Senate Republicans are being sent home for recess with a message touting their persistence on funding homeland security while blocking President Barack Obama's executive actions.
"Dems voted three times to filibuster House-passed DHS funding bill," says a tri-fold card of talking points distributed to GOP senators. "Blocking debate on a bill like this is exactly the kind of gridlock voters rejected in the election."
The pamphlet, shared with CQ Roll Call by a GOP source, suggests Republicans have yet to give up on winning the public relations argument over funding the Department of Homeland Security, with less than a week left to act when the Senate returns from the Presidents Day recess.
The Republican Conference "State Work Period Tri-Fold" highlights that Democrats have made statements in the past expressing opposition to the extent of Obama's executive actions, adding the "only way for the Dems to change the bill is to agree to debate it in the first place."
Majority Leader Mitch McConnell echoed that point on the floor.
"If our Democrat colleagues don’t like provisions in the bill the House has passed, the Senate has a process for modifying bills. It's called amending them. But the Senate can only consider amendments to a bill if it’s not being filibustered," the Kentucky Republican said.

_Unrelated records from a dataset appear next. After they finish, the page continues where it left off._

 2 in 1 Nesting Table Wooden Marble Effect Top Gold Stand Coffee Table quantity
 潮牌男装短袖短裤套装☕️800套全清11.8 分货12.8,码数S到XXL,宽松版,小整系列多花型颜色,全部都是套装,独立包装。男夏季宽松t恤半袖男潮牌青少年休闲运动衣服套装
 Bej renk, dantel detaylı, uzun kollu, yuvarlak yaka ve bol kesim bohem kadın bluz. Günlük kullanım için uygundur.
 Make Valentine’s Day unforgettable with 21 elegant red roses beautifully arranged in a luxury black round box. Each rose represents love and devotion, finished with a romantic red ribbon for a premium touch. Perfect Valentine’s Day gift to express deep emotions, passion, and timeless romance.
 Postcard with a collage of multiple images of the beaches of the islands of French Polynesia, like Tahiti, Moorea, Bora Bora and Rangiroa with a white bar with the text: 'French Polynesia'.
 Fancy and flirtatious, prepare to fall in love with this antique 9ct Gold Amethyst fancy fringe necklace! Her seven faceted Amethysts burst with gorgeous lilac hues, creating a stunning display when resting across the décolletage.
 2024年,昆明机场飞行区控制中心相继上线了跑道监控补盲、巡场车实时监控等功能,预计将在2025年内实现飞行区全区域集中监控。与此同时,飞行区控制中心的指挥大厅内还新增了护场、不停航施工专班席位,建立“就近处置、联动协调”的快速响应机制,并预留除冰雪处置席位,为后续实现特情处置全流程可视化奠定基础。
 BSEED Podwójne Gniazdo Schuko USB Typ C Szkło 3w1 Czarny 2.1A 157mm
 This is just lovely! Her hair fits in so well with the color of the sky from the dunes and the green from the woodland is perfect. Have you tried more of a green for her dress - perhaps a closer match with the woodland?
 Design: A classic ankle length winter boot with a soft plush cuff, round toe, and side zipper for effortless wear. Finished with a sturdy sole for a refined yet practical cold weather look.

Asked again about why Democrats have unified against taking up the House-passed DHS spending measure and trying to amend it, Sen. Charles E. Schumer, D-N.Y., said "you don't negotiate with a gun to your head, no one does. It's plain and simple, and we're not doing it. The American people know we're not doing it."
"Our Republican colleagues know what's going on," Schumer said, calling the back and forth between House and Senate GOP leaders about the next move a "game of Abbott and Costello."
"The only good news is, my view, they'll have no choice but to back off," Schumer said. "They'll do it at the last minute, but they'll look awful in how they've handled themselves."
The GOP pamphlet highlights a number of other issue areas, including touting passage of the Keystone XL pipeline approval legislation, with Republicans encouraged to continue to push Obama against his certain veto, as well as drawing a contrast between the president's budget and GOP proposals on taxes and spending.
It also encourages GOP lawmakers to tout the number of roll call votes on amendments during the first work period under GOP control, which has more than doubled the total in 2014 under then-Majority Leader Harry Reid, D-Nev.
Schumer had a rejoinder Thursday for the argument that Reid was too quick to block amendments from the floor using the procedural maneuver known as filling the amendment tree. In rolling out a GOP "report card" for the first work period, Schumer quipped that "this Congress, there has hardly been a tree to fill."
On foreign policy, however, the GOP card indicates that Republicans should make clear they will give serious consideration to Obama's request for an authorization for the use of force against the ISIS terror group, arguing on one hand that the world is "less stable" than when Obama took office, but adding "the president's AUMF request is a starting point for a full debate."